I have a code block that I use for running a piece of code every 30 secs

def hello():
    print "hello, world"
    t = threading.Timer(30.0, hello)
    t.start()

The one below is a method of a class, which I really want to run every 30 secs, but I am having problems with it.

def continousUpdate(self, contractId):    
    print 'hello, world new'
    t = threading.Timer(30.0, self.continousUpdate, [self, contractId],{} )
    t.start()

When I run it, I get the following error

pydev debugger: starting
hello, world new
Exception in thread Thread-4:
Traceback (most recent call last):
  File "C:\Python27\lib\threading.py", line 552, in __bootstrap_inner
   self.run()
  File "C:\Python27\lib\threading.py", line 756, in run
   self.function(*self.args, **self.kwargs)
TypeError: continousUpdate() takes exactly 2 arguments (3 given)

I have also tried

def continousUpdate(self, contractId):    
    print 'hello, world new'
    t = threading.Timer(30.0, self.continousUpdate(contractId))
    t.start()

which somehow behaves as if it ignores the thread, and gives a recursion limit error

2 Answers 2

17

Try this:

t = threading.Timer(30.0, self.continousUpdate, [contractId],{} )

When you read self.continuousUpdate, the method is already bound to the object, even if you don't call it yet.
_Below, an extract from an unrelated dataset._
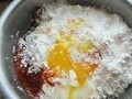 加入面粉和地瓜粉,打入鸡蛋,调入盐、味精、白酒、五香粉和蒜蓉酱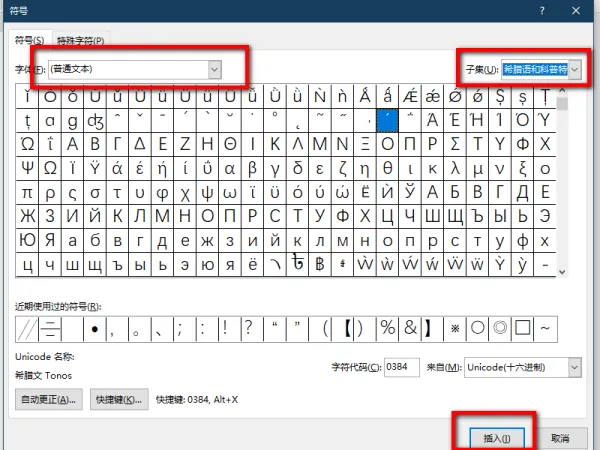 5、弹出界面点击字体选择希腊字体,找到需要的字母点击插入即可。

You don't need to pass self again.

The reason the second version "ignores the thread" is that you call the method inside an argument to the Timer call, so it runs (and tries to call itself again) before the Timer ever gets started. That's why threading functions have you pass the function and its arguments separately (so it can call the function itself when it's ready).

Incidentally, you spelled "continuous" wrong.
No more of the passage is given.